TODO/enhancements for later (a few days/weeks down the line):

- Ability to "fork" these tests in a separate JVM. I haven't fully thought about this and might need some inputs on whether we need this or not. If we do add this, I might do it slightly differently that what we current do with "junit" where there are numerous attributes to the task/test elements which are only applicable if fork mode is enabled. I might perhaps just introduce a new element within the task's element which specifically is meant to deal with any forked VM characteristics. But that's something I will get to after the other easier enhancements are done.

- Provide the XML formatter out of the box. I was planning to do this in the first version itself, but I haven't had enough time to understand the schema of this XML plus whether or not the details that we put in here are available through the new JUnit launcher APIs.

- Ability to more specifically say which JUnit test engine needs to be used for the tests. Right now, the classpath decides which engine gets used and thus which classes are considered as tests. If the classpath has both "vintage" and "jupiter" engines then such tests will be run. However, I want users to be able to say "just use jupiter engine for these tests" without having to worry about checking if the classpath is polluted with some other engines.
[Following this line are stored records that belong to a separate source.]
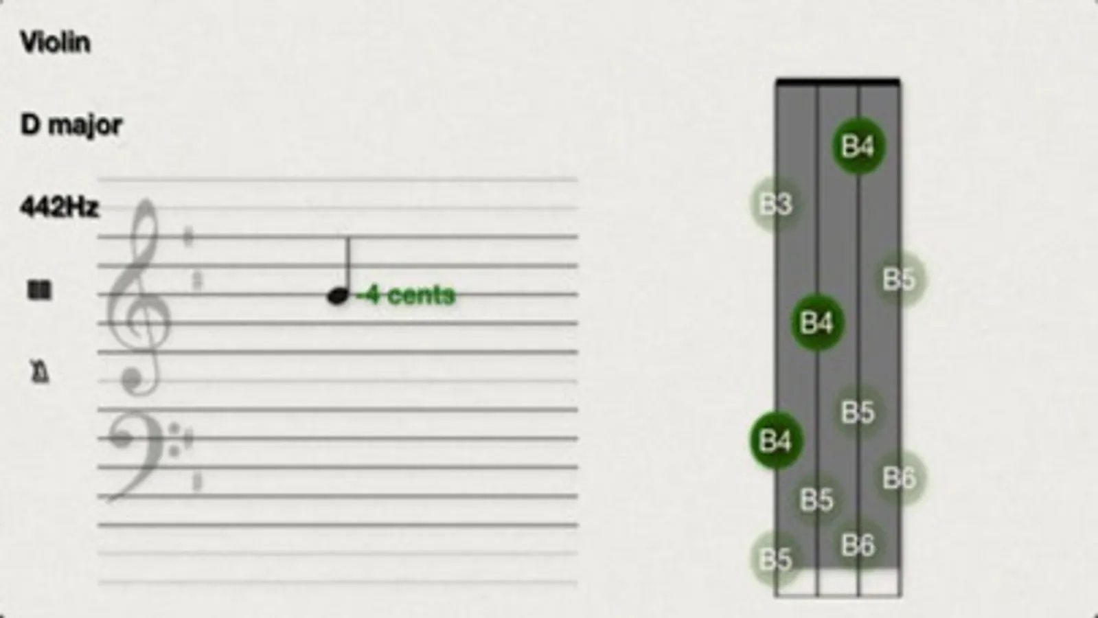 + Circle of fifths and intervals where the last two identified notes are presented in the circle of fifths as well as in the note sheet (with interval size in cents).
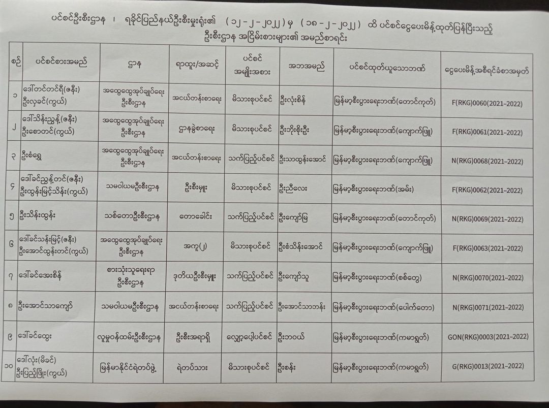 ပင်စင်ဦးစီးဌာန၊ ရခိုင်ပြည်နယ်ဦးစီးမှူးရုံး၏ ငွေပေးမိန့်ထုတ်ပြန်မှုစာရင်း (၁၂-၂-၂၀၂၂ မှ ၁၈-၂-၂၀၂၂)
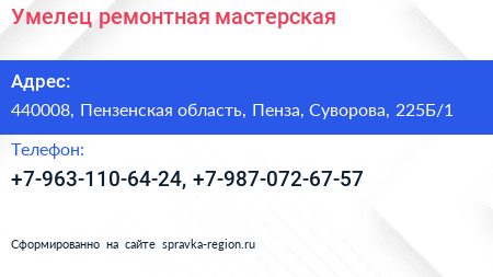 Умелец, ремонтная мастерская по адресу 440008, Пензенская область, Пенза, Суворова, 225Б/1 в дальнейшем Организация, размещена в следующих категориях:
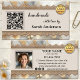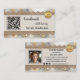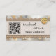 Business card featuring a boho chic design with metallic gold lace on canvas with a glam background. Several templates are added: a QR code, logo and social media. You can customize those and replace the social media icons with your custom icons. On the back is also space for your own photo. A modern professional business card for anyone creating handmade artisan products or gifts.

- Make the current "junitreport" task be usable with the XML results of this "junitlauncher" task. I haven't yet got to this but this should be doable I think, of course once the XML formatter itself is ready and functional. I don't plan to introduce a new task for this and instead plan to reuse/enhance the existing junitreport task to work seamlessly both with existing "junit" task and the "junitlauncher" task.

(Few other minor enhancements here and there and any user feedback reports)
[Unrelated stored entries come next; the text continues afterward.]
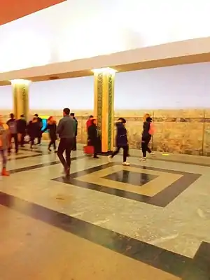 Oybek is a station of the Tashkent Metro on Oʻzbekiston Line. The station was opened on 8 December 1984 as part of the inaugural section of the line, between Alisher Navoiy and Toshkent.[1] It is named in honor of the poet known as Aibek. For the first time in Tashkent underground at this station applied column-type platform using earthquake-resistant monolithic structures. Columns station covered with reddish marble and decorated with a ceramic ornament. On the side walls of the stairs that go down to the platform, decorated with panels on the theme based on the works of Oybek as book pages. On one of them depicts the writer. When finishing the station it is widely used in marble, granite, ceramics and other materials.
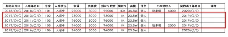 つまり、上図の例であれば真ん中の3部屋は次の年に家賃交渉が入る、若しくは退去の可能性があるという風に予想できるのです。
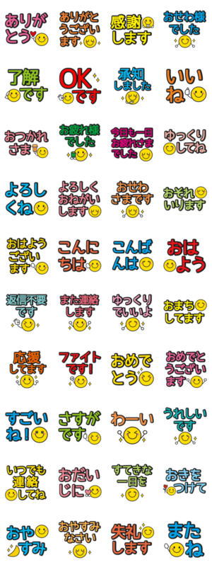 毎日使いやすい、カラフルなでか文字スタンプです。シンプルで大人可愛い、敬語中心のスタンプです。HRYs より発売
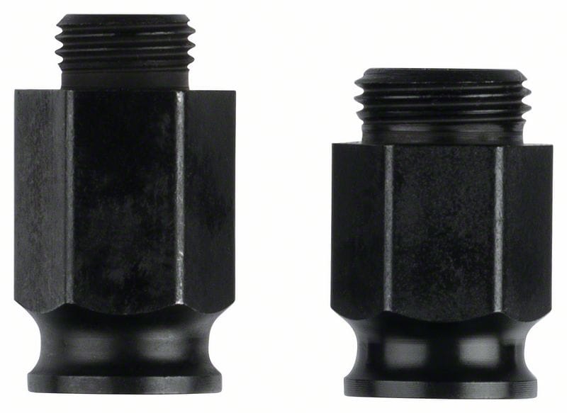 Tekst produktu, osprzęt szary: 6-częściowy zestaw adapterów do otwornic standardowych konkurencyjnych marek (np. Starrett, Baco, Lenox itp.) z 2 adapterami do O 14-30 mm (gwint 1/2" 20 UNF), 4 adaptery do O 32-210 mm (gwint 5/8" 18 UNF)
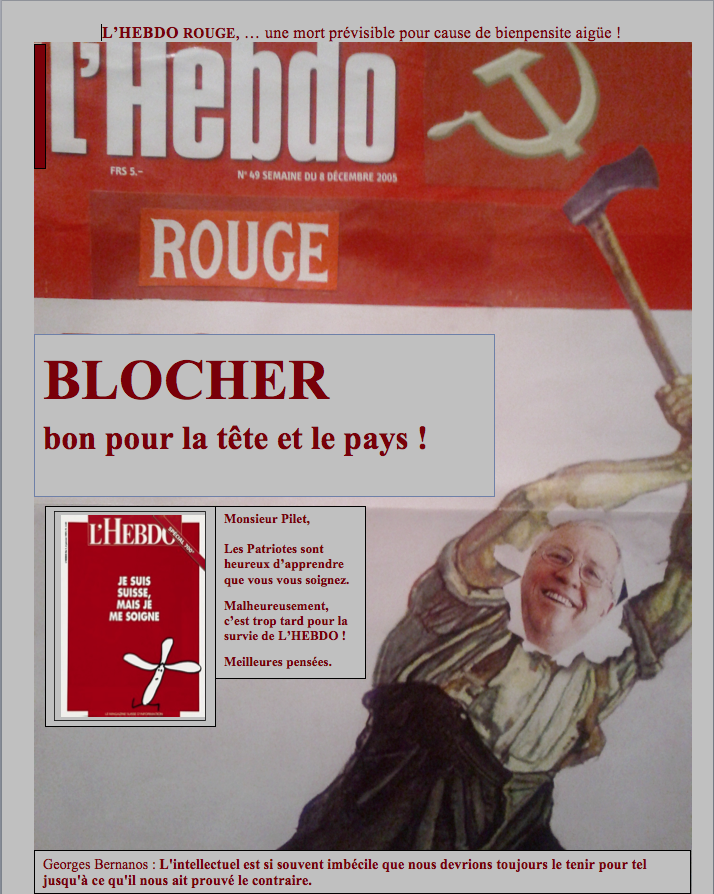 Dès lors, l'Hebdo s'évertue à chercher des boucs émissaires. D'autres auraient eu l'intelligence de ne plus se faire remarquer après une telle débâcle...
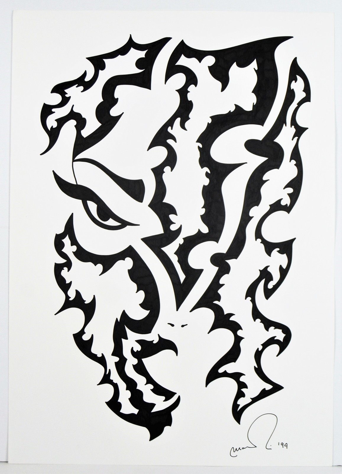 NON IDENTIFICATO AUTORE Senza titolo. 1999. Disegno a china su cartoncino. Cm 50,00 x 70,00. Firma e anno in basso a destra.
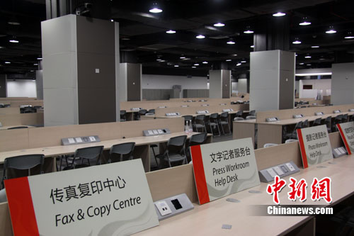 在媒体工作间里,网线端口和电源插座一应俱全,文字记者和摄影记者的工作间也有所区分,宽敞的空间可以满足各国媒体的工作需要。
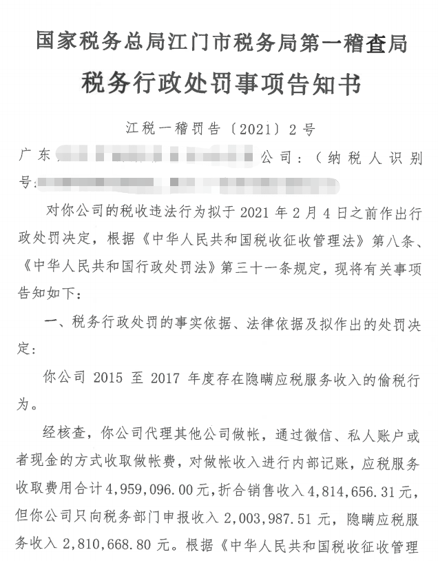广州市某信息咨询公司,经核查,通过微信、私人账户或者现金方式收取做账费,其中隐匿收入281万元,最终稽查补税85万,罚款42万元。
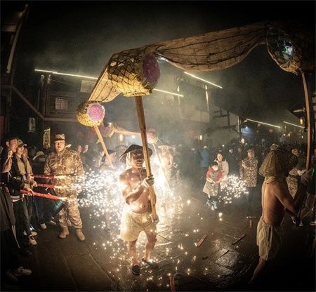 当夜幕降临,华灯初上,石桥镇的街头巷尾变得热闹非凡。人们穿着节日的盛装,手里拿着点燃的香,等待着烧火龙的队伍的到来。只见一条长长的队伍蜿蜒在街头巷尾,每个队员手持火把,将一条巨大的火龙映衬得格外醒目。随着鼓声的节奏,队员们将火把高高举起,配合着节奏舞动起来,仿佛将一条火龙带到了现场。

For those of you curious to see what the task usage is going to look like, here's an example[2] build file which shows its many usages. That file will be cleaned up a bit, before I send a PR for review/merge.
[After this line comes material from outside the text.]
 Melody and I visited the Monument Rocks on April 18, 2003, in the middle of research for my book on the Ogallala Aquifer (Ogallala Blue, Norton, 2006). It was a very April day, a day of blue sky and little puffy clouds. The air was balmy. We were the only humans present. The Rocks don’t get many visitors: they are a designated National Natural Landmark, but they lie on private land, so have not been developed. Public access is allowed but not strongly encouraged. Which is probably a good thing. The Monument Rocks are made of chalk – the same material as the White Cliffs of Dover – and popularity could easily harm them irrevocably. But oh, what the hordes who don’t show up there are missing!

[1] https://github.com/apache/ant/compare/master...jaikiran:junit5

[2] https://github.com/apache/ant/compare/master...jaikiran:junit5#diff-3e0911ed925129e68c543aca0abc5d7aR52

-Jaikiran


On 14/12/17 5:14 PM, Stefan Bodewig wrote:
On 2017-12-14, Jaikiran Pai wrote:

With that context, I would like to explain what I have attempted so
far and I would like inputs on whether I should follow this path
and/or if there are other suggestions on how we should go ahead. As
you are probably aware, the JUnitTask (the Ant task backing the
<junit> element) has very complex logic which deals with launching the
test runners responsible for running JUnit tests (3.x or 4.x). IMO,
most this logic can now be handed off to the JUnit 5 platform
launcher, using their APIs.
In addition some of the complexity inside of JUnitTask stems from the
fact that it must not refer to any JUnit 4.x API in order to be usable
in a pure JUnit 3.x environment. If you try to add JUnit 5 on top of
that this sounds diffciult.

I too had toyed with the idea of adding JUnit5 support but it is quite a
bit further down my TODO list and I've not looked into JUnit5 as deeply
as you did. What you've got so far looks promising, please please push
ahead.

My idea was to create a completely new task and mainly try to keep the
XML output the way it has been for some fifteen years so junitreport
would still work. I even though about placing it in a separate antlib
rather than Ant's core to allow it get released independently.

My vote would go to a separate task.